#### [What the task requires]
Leave the pictures in the listing below aside and reproduce exactly the lines starting with the one with "次降低,其他时间几乎都在增长,在不到一年的时间内涨了接近 3 倍。" and going on through the one with "The richly Embellished", both ends included.

### Data

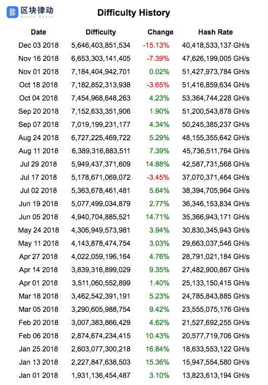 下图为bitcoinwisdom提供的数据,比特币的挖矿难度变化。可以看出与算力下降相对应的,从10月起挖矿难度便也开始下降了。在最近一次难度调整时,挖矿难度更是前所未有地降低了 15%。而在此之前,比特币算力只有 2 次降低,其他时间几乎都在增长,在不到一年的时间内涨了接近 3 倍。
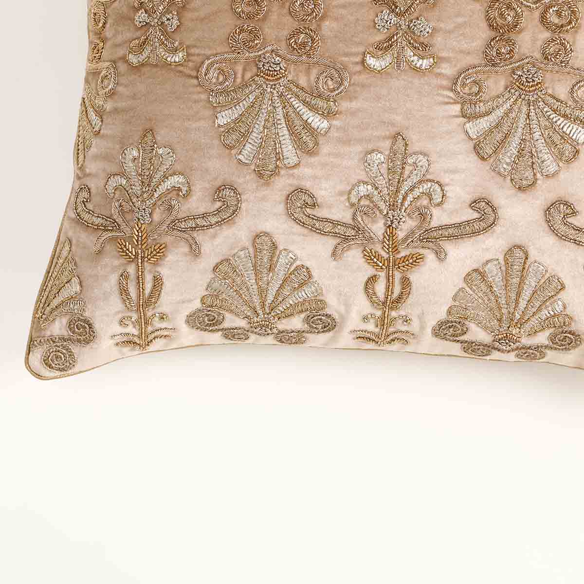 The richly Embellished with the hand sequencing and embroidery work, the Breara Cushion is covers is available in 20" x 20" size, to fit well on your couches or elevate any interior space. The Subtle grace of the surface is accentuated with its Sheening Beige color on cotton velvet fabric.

######
### Data

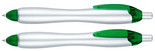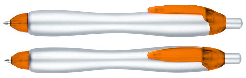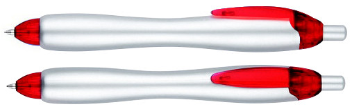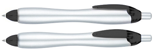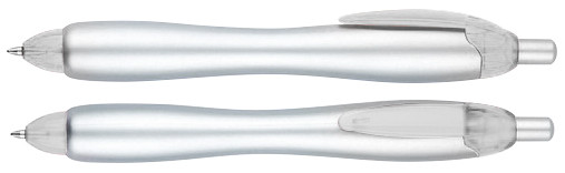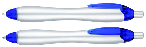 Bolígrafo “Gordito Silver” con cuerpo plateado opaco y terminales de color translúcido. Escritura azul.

######

#### [Your response]
 下图为bitcoinwisdom提供的数据,比特币的挖矿难度变化。可以看出与算力下降相对应的,从10月起挖矿难度便也开始下降了。在最近一次难度调整时,挖矿难度更是前所未有地降低了 15%。而在此之前,比特币算力只有 2 次降低,其他时间几乎都在增长,在不到一年的时间内涨了接近 3 倍。
 The richly Embellished with the hand sequencing and embroidery work, the Breara Cushion is covers is available in 20" x 20" size, to fit well on your couches or elevate any interior space. The Subtle grace of the surface is accentuated with its Sheening Beige color on cotton velvet fabric.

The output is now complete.